Student Unsure If Current Conversation Warrants "Piss," "Pee," Or "Urine" Level Of Formality

Published Friday, May 2nd, 2025

Recently, a local student in a conversation with a biology TA was baffled as to whether it was most appropriate to refer to the liquid byproduct of metabolism as “piss,” “pee,” or “urine.”

“To start off, we were having a casual conversation, and we weren’t really talking about class material anymore. I was telling him a story from my weekend,” said BIOL 0100 student Brian Chang, hands sweating from the stress of his predicament. “And I was saying how I had to use the bathroom at this party, but there was a massive line. Except I had no clue how to describe it.”

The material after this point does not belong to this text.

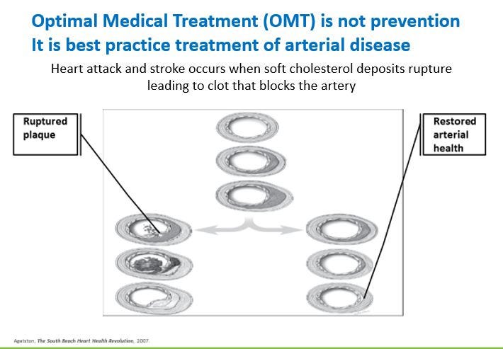 Sur le côté droit, vous voyez les résultats du traitement médical optimal (OMT). Le dépôt de cholestérol se stabilise, devient moins enflammé et il est beaucoup moins susceptible de se rompre et de provoquer un caillot entraînant une crise cardiaque. Ces changements vous offrent plus de protection en quelques jours. Comme vous pouvez le voir, ces dépôts mous et dangereux peuvent être réduits avec un traitement médical et l’artère devient plus normale. Notre compréhension de la maladie des artères cardiaques est bien meilleure maintenant et il existe des traitements très ciblés et précis pour vous protéger. Cette image provient de The South Beach Heart Health Revolution et je l’ai utilisée avec la permission du Dr Agatston.

“See, I could say I had to piss. It was a fairly casual conversation, and he’s only a TA,” continued Chang, certain nobody had ever seen a problem of this magnitude before. “Except he was on the clock because he was holding office hours. So I should get a little more formal, maybe say ‘pee.’”

“But maybe ‘pee’ isn’t formal enough. See, this wasn’t an undergrad TA. He’s a PhD student, so I should use some respect and say I had to urinate, to show him how smart I am,” Chang went on. “But, he’s just a first-year PhD. And, like, he entered this program right out of college, so he’s only 23. And I’m 21. Two-year age gap? That’s a piss-gap. I could say ‘piss,’ and that would show him that I see us as equals and that I still see him as youthful and virile.”

“That was my thought process. By the time I said anything, it all came out jumbled, so I said ‘puriniss,’” said Chang, who seemed now about to faint. “I think the portmanteau still worked because it conveyed multiple meanings at once.”

At press time, Chang was having difficulty deciding between calling sexual intercourse “boning” or “banging.”